Все вышесказанное будет не очень хорошей новостью для тех, чьи истории стали примером успешной стратегии обучения – семейства Полгар, Тайгера и ряда других представителей различных видов спорта и игр. По сравнению с гольфом, теннис гораздо более динамичен, игроки в нем ежесекундно подстраиваются под своих противников, адаптируются к местности, а иногда – и к соратникам по команде. (В 2008 году Федерер завоевал золотую олимпийскую медаль в парной игре.) Однако теннис все равно находится в «доброй» половине спектра по сравнению, скажем, с палатой скорой помощи, где врачам и медсестрам требуется некоторое время, чтобы понять, что случилось с пациентом. Им приходится искать способы развития собственного опыта за пределами медицинской практики, и подчас эти уроки извне могут противоречить непосредственно их медицинскому опыту.

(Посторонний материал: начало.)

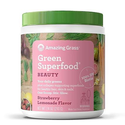 Amazon Com Amazing Grass Green Superfood Beauty Greens Powder With Biotin Collagen Supporting Superfoods Strawberry Lemonade 30 Servings Health Personal Care
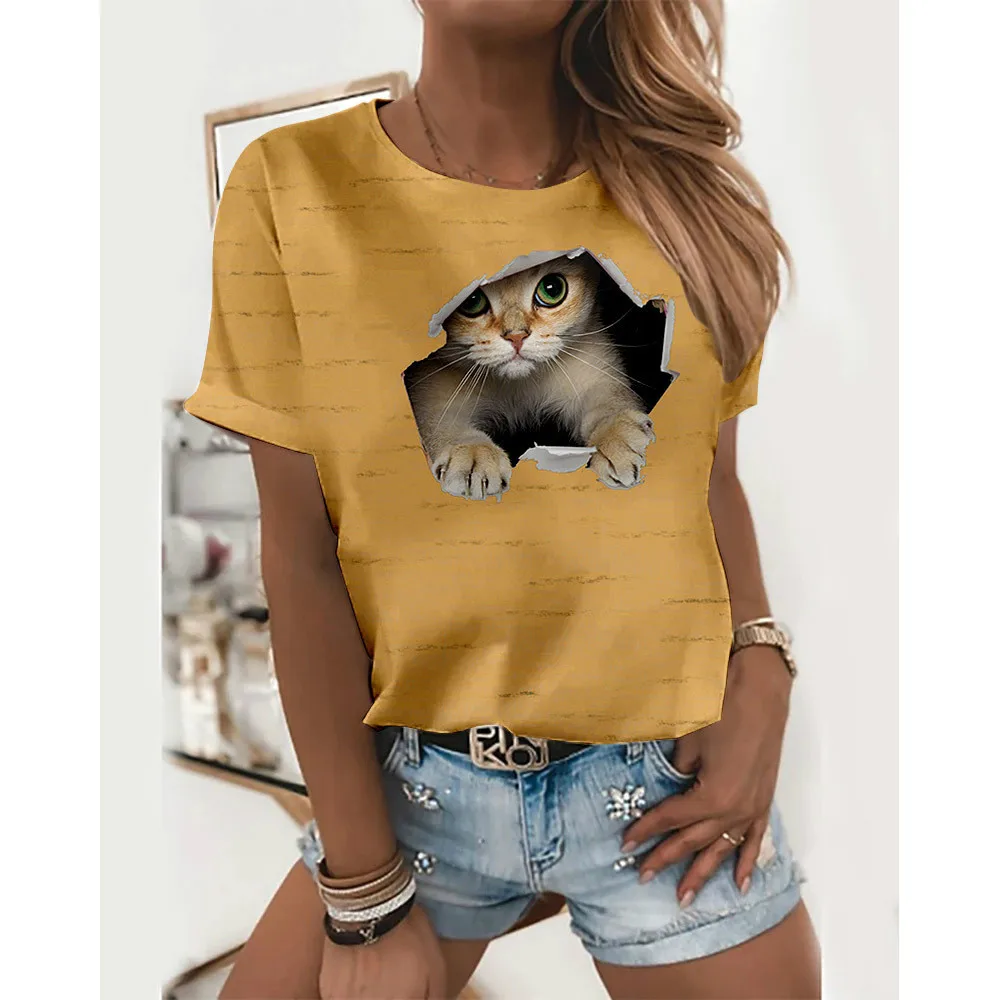 Женская футболка с круглым вырезом, повседневный пуловер с коротким рукавом, принтом кошек и 3D принтом, лето 2021
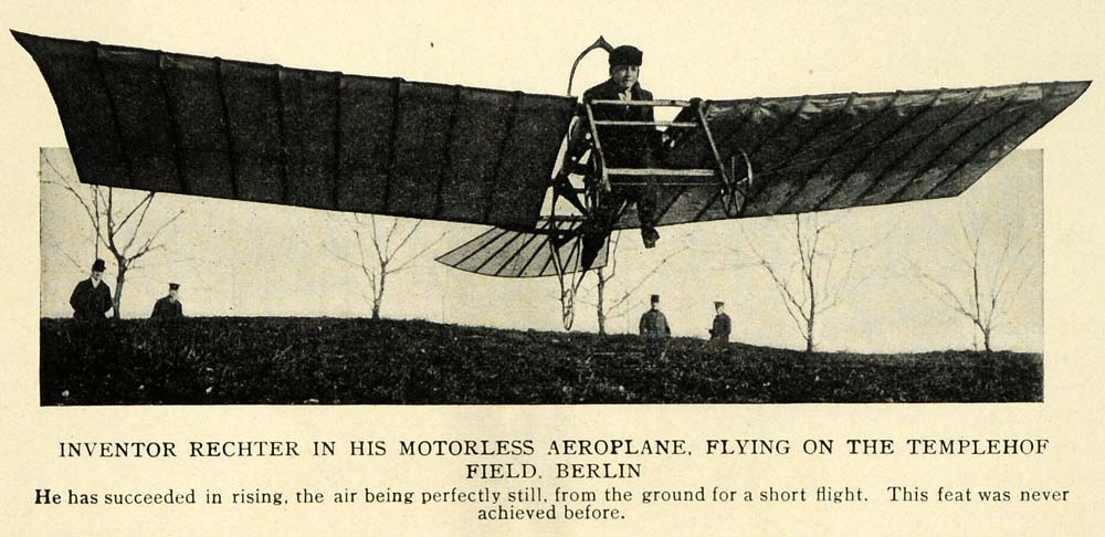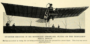 This is an original 1913 halftone print of a motorless aeroplane flying on the Templehof Field in Berlin, as invented by a man named Rechter. It achieved taking off and remaining in the air for a short time, which had not been done at this time by any aircraft.
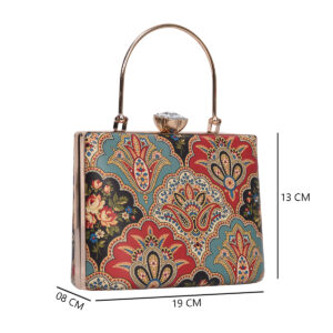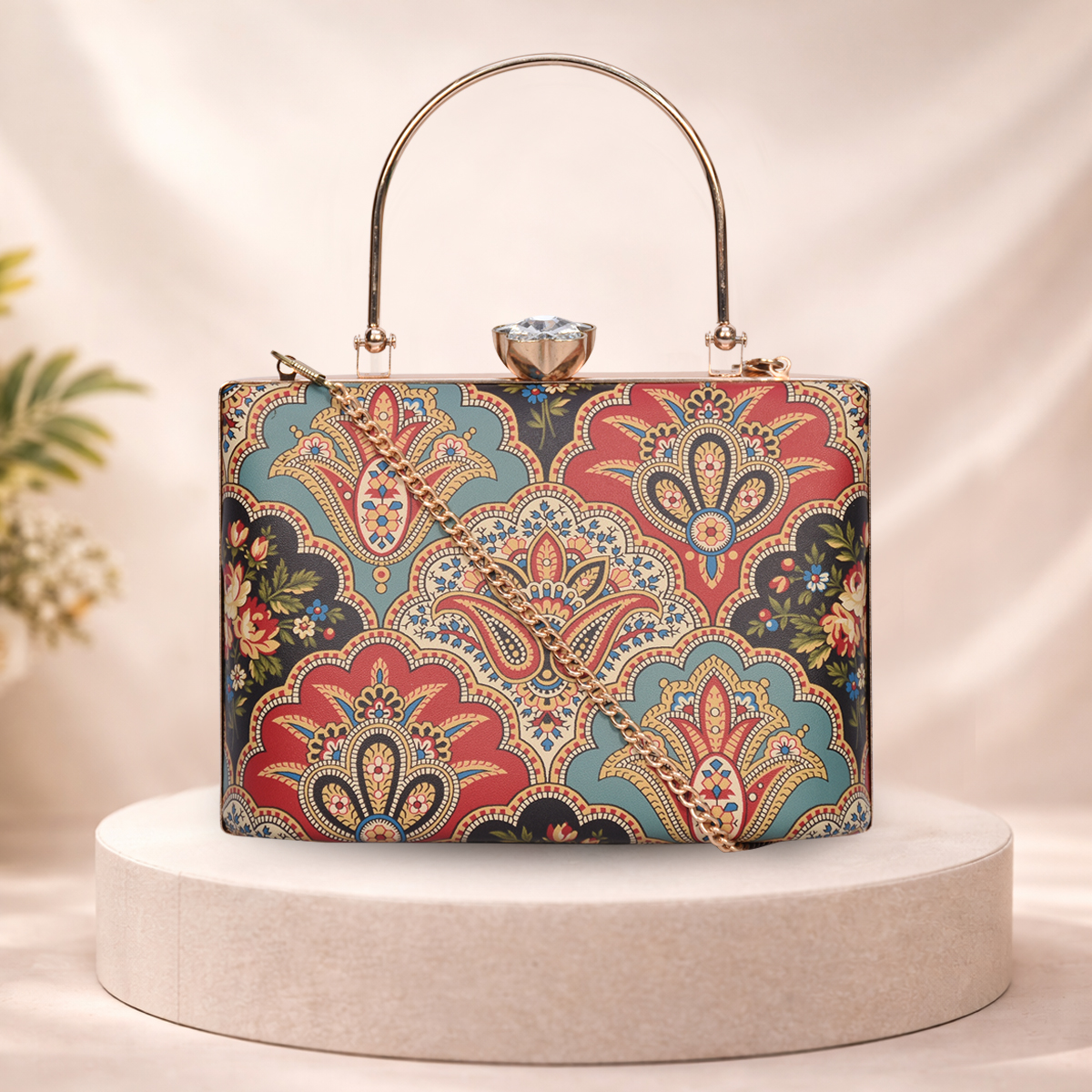 The sleek metal frame and sculpted top clasp add a refined finish, while the detachable chain strap offers versatile styling. Perfect for festive gatherings, weddings, and evening events, this clutch effortlessly elevates both traditional and modern outfits.
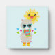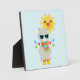 A photo plaque with a cool looking llama wearing some dark sunglasses. Dressed in a colorful striped scarf and fun little boots. A bright yellow sun with a happy kawaii face in the background. Whimsical colorful triangles surround this fun loving llama. Blue background.
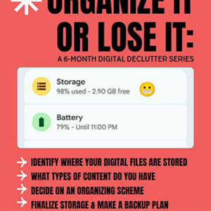 Organize It or Lose It: Digital Declutter Series (Sort, Toss, Prioritize) Decide on a first pass organizing scheme to break apart ... 17 Feb 12:00 pm - 2:00 pm
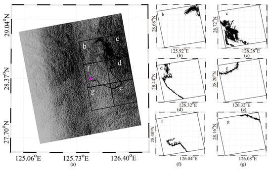 (a) The GF-3 SAR image on 17 January 2018 at 09:01, in which the pinkish marks represent the shipwreck position, and sub-scenes b through g are used to extract spilled oil slicks; and (b) to (g) The results of extracted oil-slicks from sub-scenes b to g, which are marked by black spots.
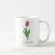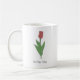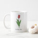 Une tasse avec une illustration de fleur de tulipe rouge botanique dans les couleurs pastel et un texte personnalisable en bas : un joli cadeau pour une fille qui aime les fleurs! La tulipe est la fleur de naissance d'avril, la fleur d'Aries et est une signification symbolique de l'amour parfait et profond.

Мир – это не гольф и даже не теннис. Как сказал Робин Хогарт, во многом наш мир напоминает «марсианский теннис». Есть теннисный корт, а на нем – игроки с мячами и ракетками, но правила нам никто не объяснил. Вывести их нужно самостоятельно, а кроме того, они порой меняются незаметно для нас самих. Всю жизнь мы руководствовались неправильными историями. Так, история Тайгера и Полгаров способствует созданию ложного впечатления, что человеческие навыки всегда формируются в исключительно «доброй» среде обучения. Если это так, те, кто рано начинает оттачивать узкие технические умения, как правило, добивались бы успеха. А между тем так случается далеко не во всех видах спорта.

Если бы объем специализированных тренировок в узкой сфере, которые начали проводиться в раннем возрасте, был ключом к инновационному выступлению, саванты с легкостью овладели бы всеми сферами знаний, а вундеркинды поражали бы всех, даже повзрослев. Как отметила психолог Эллен Уиннер, один из наиболее авторитетных специалистов по одаренным детям, ни один савант пока не изобрел ничего, что в корне изменило бы ту сферу, в которой он силен.

Есть сферы и помимо шахмат, где продолжительная отработка узких навыков помогает развить гроссмейстерскую интуицию. Подобно гольфистам, хирурги совершенствуются в результате многократного проведения похожих операций. Бухгалтеры, игроки в бридж и покер развивают точную интуицию за счет регулярной однообразной деятельности. Канеман назвал эти сферы «устойчивыми статистическими закономерностями». Но стоит правилам хоть немного поменяться, и кажется, что эксперты применяли гибкость своего ума на узкие навыки. Анализ игры в бридж со слегка измененными правилами показал, что опытным игрокам гораздо сложнее адаптироваться к ним, чем новичкам. Когда в рамках одного исследования опытных бухгалтеров попросили руководствоваться в своих вычислениях новым налоговым законодательством, они справились с этой задачей хуже новичков. Эрик Дейн, профессор Университета Райса, изучает организационное поведение и называет это явление «когнитивное укрепление». Чтобы избежать его, он рекомендует точную противоположность методики десяти тысяч часов тренировки – то есть резкое переключение с одного вида деятельности на другой в рамках одной области, а также, по выражению его коллеги-исследователя, «быть одной ногой за пределами своего мира».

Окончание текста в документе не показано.